Speaker Profile

Ph.D., DVM, Professor, Department of Surgery, School of Medicine, and Director, Mouse Biology Program, University of California, Davis

Dr. Lloyd is an expert in mouse biology and genetics, with specific training and expertise in production and phenotyping of next-generation animal models for functional analysis of patient-specific disease biomarkers and characteristics. He applies contemporary genome editing (CRISPR/Cas9) and phenotyping tools to conduct in vivo analysis to unveil pathophysiological mechanisms and accelerate diagnosis by differentiating causative from correlative factors of disease. He serves as Director of the UC Davis Mouse Biology Program (MBP), in which he oversee the development, manipulation, and study of transgenic and genetically-altered mutant mice as models of human disease and genetic variation. He also serves as Principal Investigator and Project Director of the Knockout Mouse Project (KOMP), the Mutant Mouse Regional Resource Center (MMRRC), the Mouse Metabolic Phenotyping Center (MMPC), and the Mouse Biology Shared Resource for the NCI-designated Comprehensive Cancer Center at UC Davis.
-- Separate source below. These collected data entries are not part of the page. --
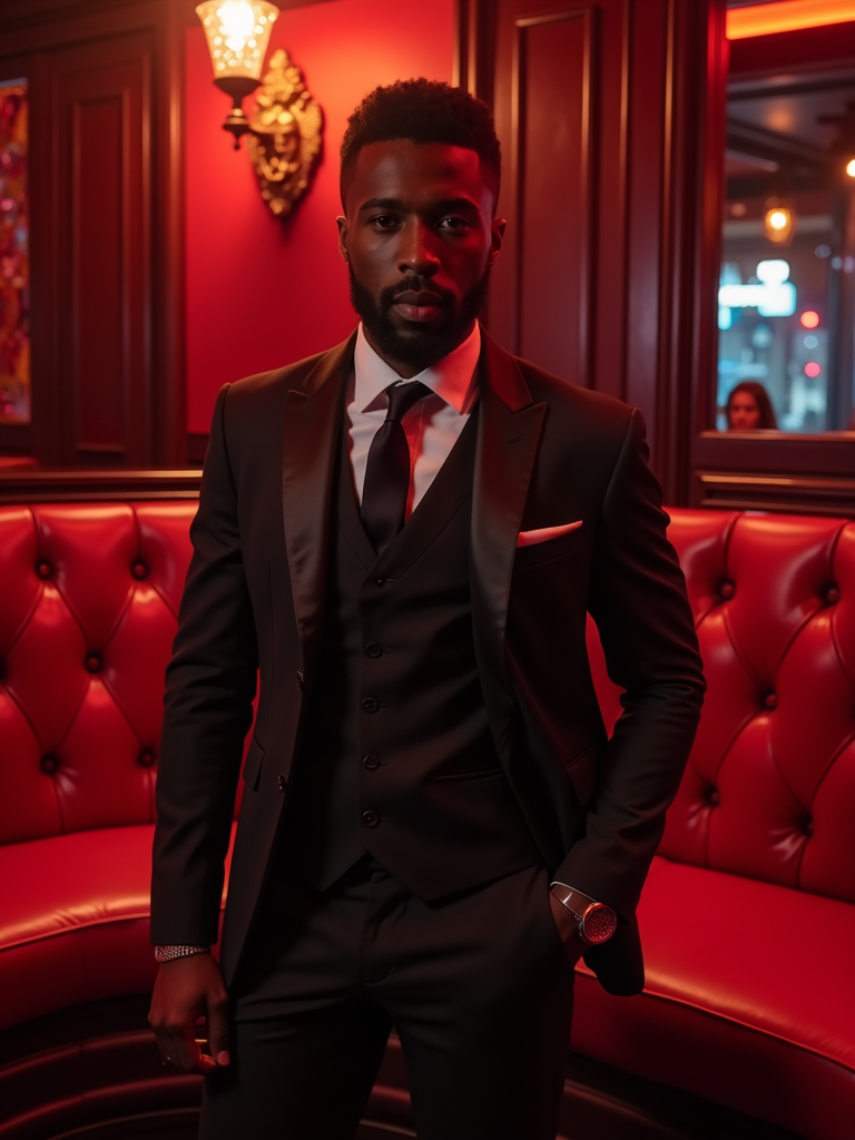 model in the spacious luxurious VIP section of a nightclub with red tufted leather couches. at night. the model wears a sharp suit or stylish blazer with dress pants, reflecting a high-class and fashionable appearance in the exclusive environment.
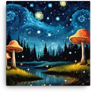 Step into a moonlit forest of whimsy with Mystical Night Mushroom Path — a canvas wall art that glows with surreal, dreamlike charm.
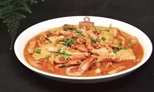 这道熬菜用到了三种海鲜原料,分别是沥虾、八带和海肠,搭配老豆腐长时间加热,成菜鲜香味浓郁。
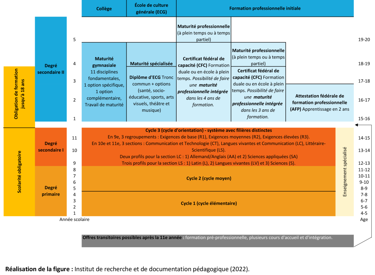Concernant le degré secondaire II, des dénominations différentes se rencontrent uniquement pour les écoles préparant à la maturité gymnasiale : Collège pour les cantons de Genève et du Valais, Gymnase pour les cantons de Berne, de Fribourg et de Vaud, Lycée pour les cantons du Jura, de Neuchâtel et du Tessin. Les informations contenues dans ces schémas sont une compilation d'informations disponibles sur les sites des différents cantons ainsi que dans la page Structures scolaires sur le site de la CDIP. ConstatsMise à part des dénominations cantonales différentes, les cantons peuvent également choisir des modèles d'organisation différents pour la scolarité obligatoire.
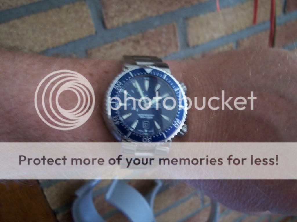 wat een prachtige klok is dit, ik was blij verrast toen ik m zag, en precies de goede maat voor mijn polsen, koen heeft ook nog een regelateur der meistertaucher in zijn bezit(het horloge dat ik eerst wilde aanschaffen, maar is mij dus idd te klein, ben blij dat ik de rit naar laren niet meer heb gemaakt, was echt voor niks gereden, dus nog even met koen gepraat die met enige weemoed afschijd heeft genomen van zijn blauwe oris duiker, en ik m verteld heb dat ik er heel goed op zou passen. weer terug naar den haag waar ik gelijk de band op maat heb gemaakt.
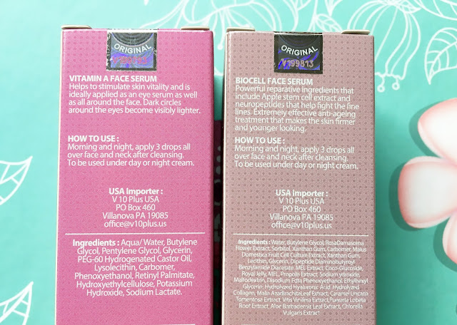 On the left side of my hand, I have the Vitamin A serum and on the right side of my hand, I have the Biocell serum.
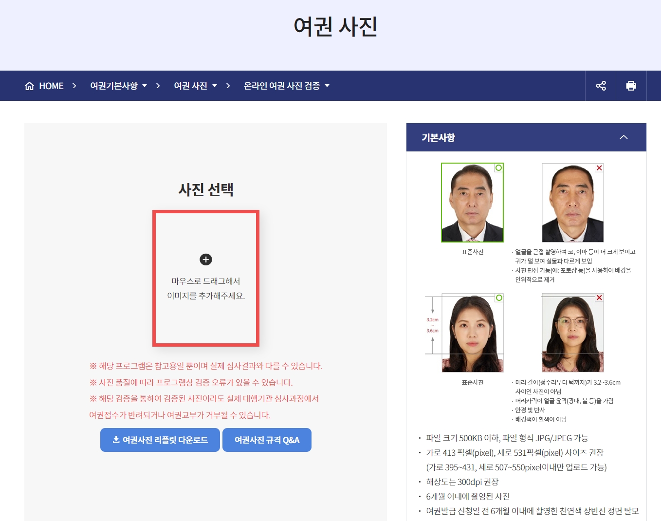 마우스를 드래그해서 이미지를추가해 여권 사진을 검증하는 시스템이기때문에 꼭 PC에서만 가능한 점 참고해주시기 바랍니다. 모바일로 들어가면 PC로 진행하라는 안내가 나옵니다.
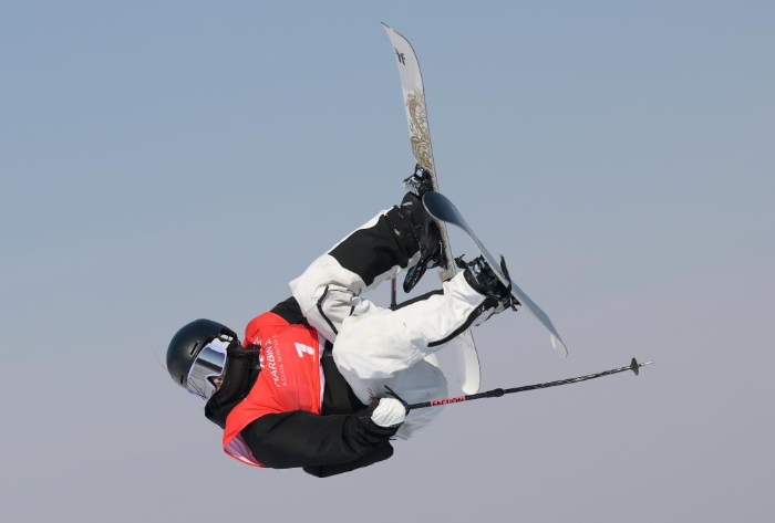 2025年2月11日,中国选手刘梦婷在比赛中。当日,第九届亚冬会自由式滑雪女子坡面障碍技巧决赛在亚布力举行。新华社记者 杨冠宇 摄
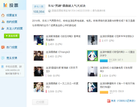 중국에서 기대되는 연기돌 투표중인데 루한이가 둘기한테 밀리고 있다고 해서
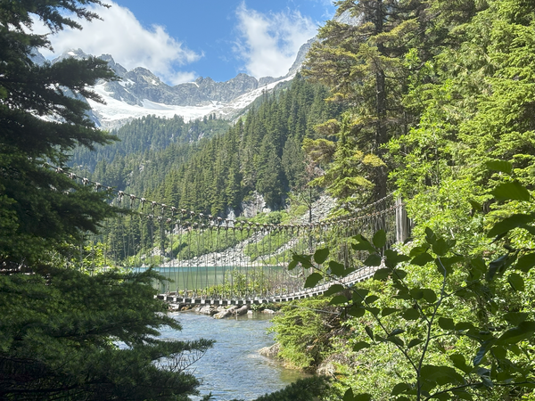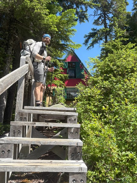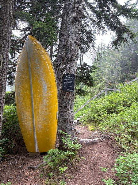 We arrived at the lake after ~3.5 hours. A small bridge connects the trail to the Tantalus Hut and main camp. No personal boats/flotation are allowed, but there are some canoes managed by the Alpine Club of Canada.
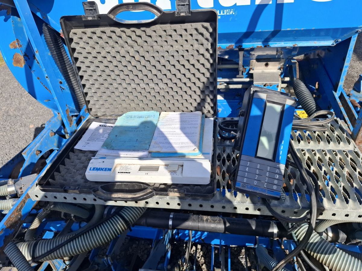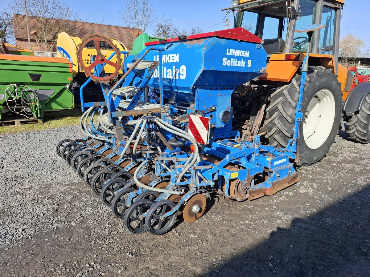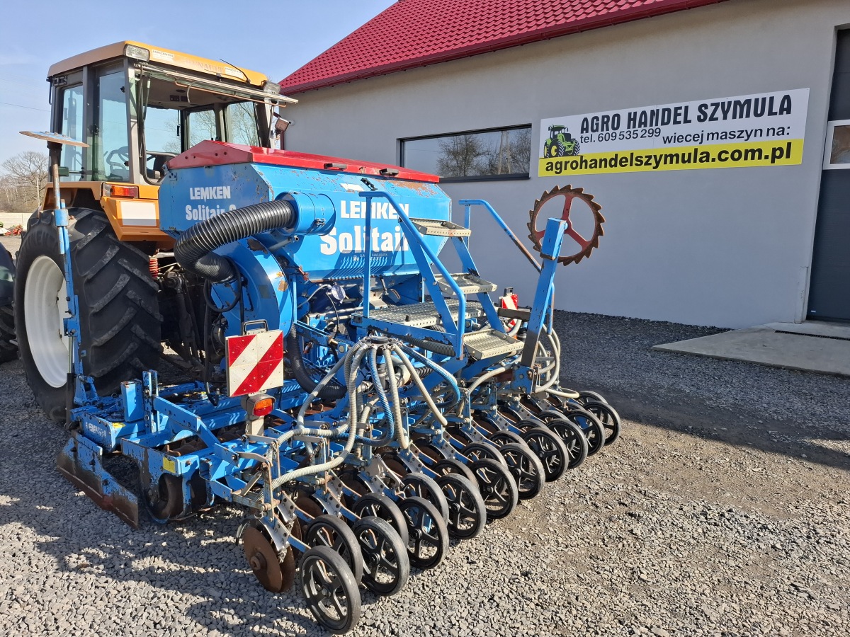 Siewnik pneumatyczny LEMKEN SOLITAIR 9/300, sterownik LEMKEN LH AGRO 5000, 20 redlic talerzowych, kółka zagniatające, dmuchawa hydrauliczna, silnik dawkujący zboże elektryczny,
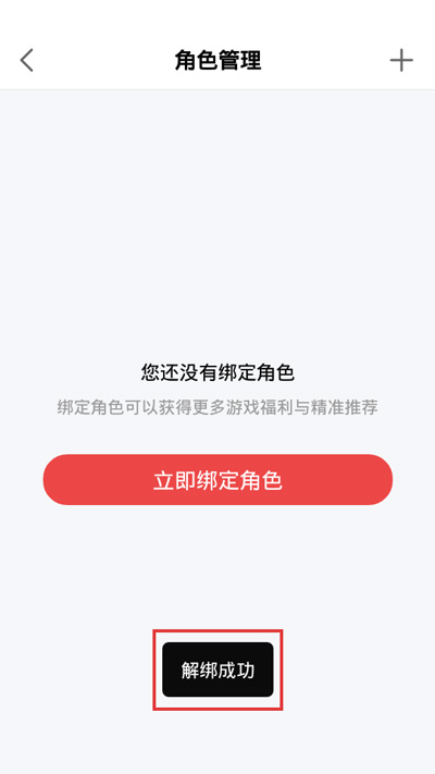 5.在弹出“解绑成功”提示后,就表示我们需要解绑的游戏角色已经成功解绑了;
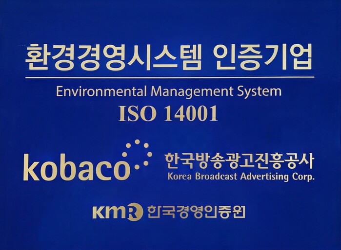 [매일안전신문=김진섭 기자] 한국방송광고진흥공사가 최근 한국경영인증원(KMR)으로부터 환경경영시스템 국제표준인 ‘ISO 14001’ 인증을 획득했다.
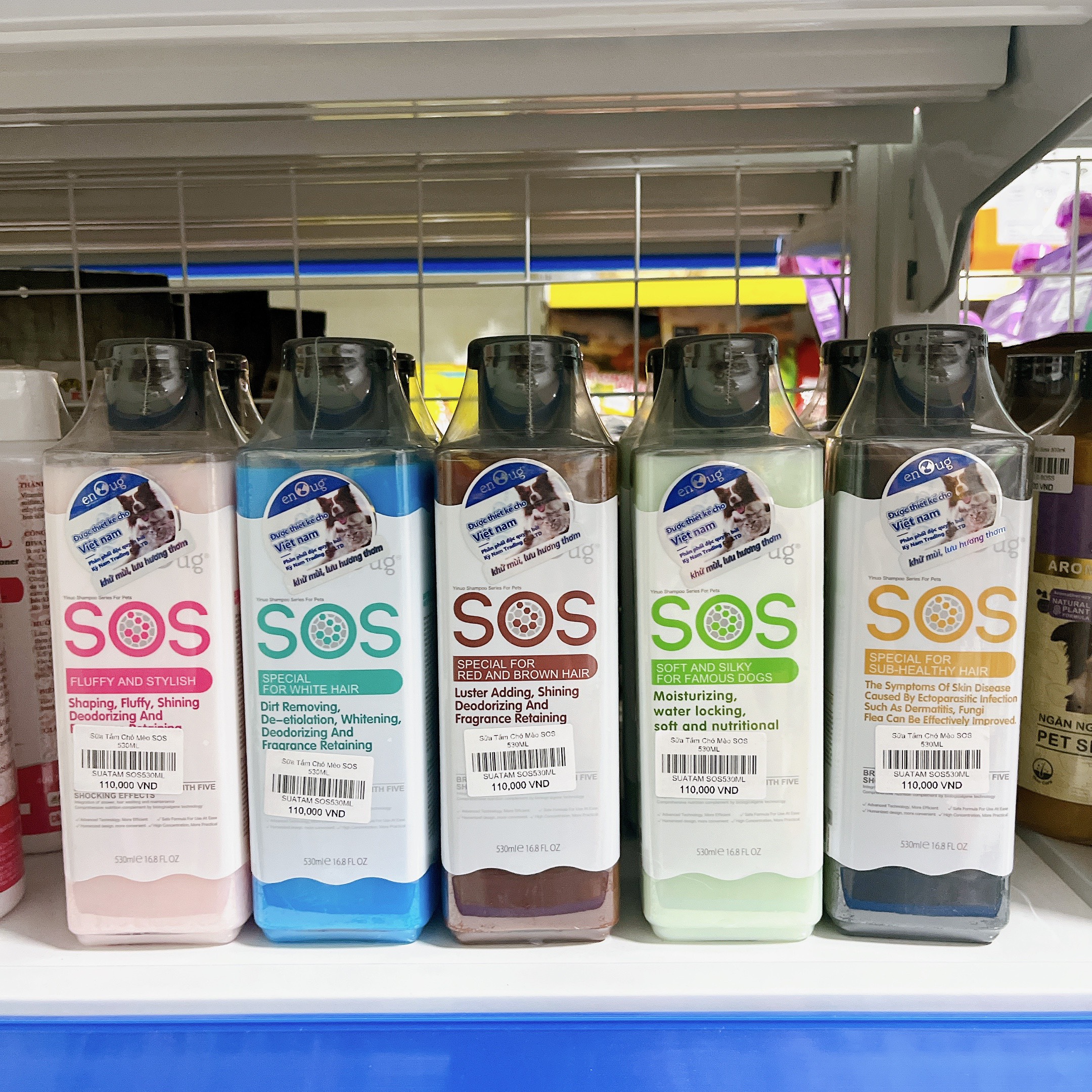 - SOS XANH DƯƠNG: dành riêng cho chó mèo lông màu trắng, có tác dụng làm mềm mượt lông, phục hồi hư tổn đối với thú cưng có bộ lông bị khô, xơ trở nên bóng, khỏe, trắng hơn và không bị bạc màu.

Emerging Therapeutics Showcase:
University of California, Davis

The UC Davis Mouse Biology Program is an academic one-stop resource for the creation, testing, and care of mouse models of human biology and disease.

 Session Abstract – PMWC 2020 Silicon Valley

Track 6 - January 23 2.00 P.M.-3.45 P.M.,Track 6 - January 24 10.30 A.M.-4.30 P.M.

The PMWC 2020 Emerging Therapeutics Showcase will provide a 15-minute time slot for selected companies and researchers in the CRISPR, Cell and Gene Therapy fields. Major advancements in safer cell- and gene-level editing technologies are bringing us closer toward cures for life-threatening disorders, from cancer to HIV to Huntington’s disease. Cell therapy, in which cellular material such as T cells capable of fighting cancer cells, is injected into a patient, has been demonstrated safe and effective. The popular new CRISPR tool that has been used to edit the genetic code of nearly any organism will have an enormous impact on human health. More than a dozen clinical trials employing CRISPR on human cells are already underway.